2x120mm + 1x140mm drücken Luft durch den Deckel hinten oben raus (Schlitze)
2x 140mm Lüfter drücken Luft durch den Deckel hinten oben raus

2. Variante: (aktuell)

2x 140mm Lüfter ziehen Luft von oben durch die Schlitze im Deckel an

Der untere hinten drück Luft raus mit 140mm

Die oberen Lüfter sind egal wie montiert sinnlos! (Wenn sie rauspusten absolut verheerend auf die GPU Temperatur!)
Wenn sie Luft nach innen ziehen steigt die GPU Temp um ca. 1-2°C


Die Soundkarte wurde um das Zusatzpanel befreit (das zweite das mit dem DB Pro Kabel verbunden ist) und wanderte kurzzeitig genau in den PCIex Slot unterhalb der Graka, ist ne ziemlich enge Geschichte da zwischen Backplate Graka und Creative 1mm Luft bestehen.
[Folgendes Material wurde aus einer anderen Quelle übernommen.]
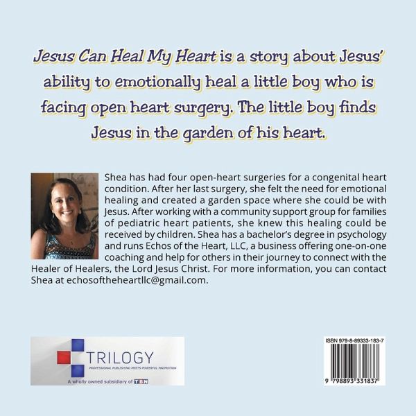 Jesus Can Heal My Heart is a story about Jesus' ability to emotionally heal a little boy who is facing open heart surgery. The little boy finds Jesus in the garden of his heart. Shea has had four open-heart surgeries for a congenital heart condition. After her last surgery, she felt the need for emotional healing and created a garden space where she could be with Jesus. After working with a community support group for families of pediatric heart patients, she knew this healing could be received by children. Shea has a bachelor's degree in psychology and runs Echos of the Heart, LLC, a business offering one-on-one coaching and help for others in their journey to connect with the Healers of Healers, the Lord Jesus Christ. For more information, you can contact Shea at echosoftheheartllc@gmail.com.

Das war soweit mal der Aufbau aktuell 

IMG_3860-1 — Postimage.org

Also hier ein Bild einzufügen ist ziemlich schwierig ^^


----------



## Chakotey (31. März 2018)

Heute zum Test eine MSI GTX 1070 AERO ITX bekommen und gegen die 980Ti antreten lassen bei gleicher Konfig.

Sehr ernüchternd für die GTX1070 leider...

Sie ist sehr sehr leise das muss man sagen, selbst mit 80% Lüfterdrehzahl fast nicht zu hören ABER sie wird auch extrem warm.
Standart IDLE auf dem Desktop momentan 42°C bei 41% Fanspeed und gleicher Konfig wie mit der GTX980Ti die da bei 30°C liegt und ca. 30% Fanspeed.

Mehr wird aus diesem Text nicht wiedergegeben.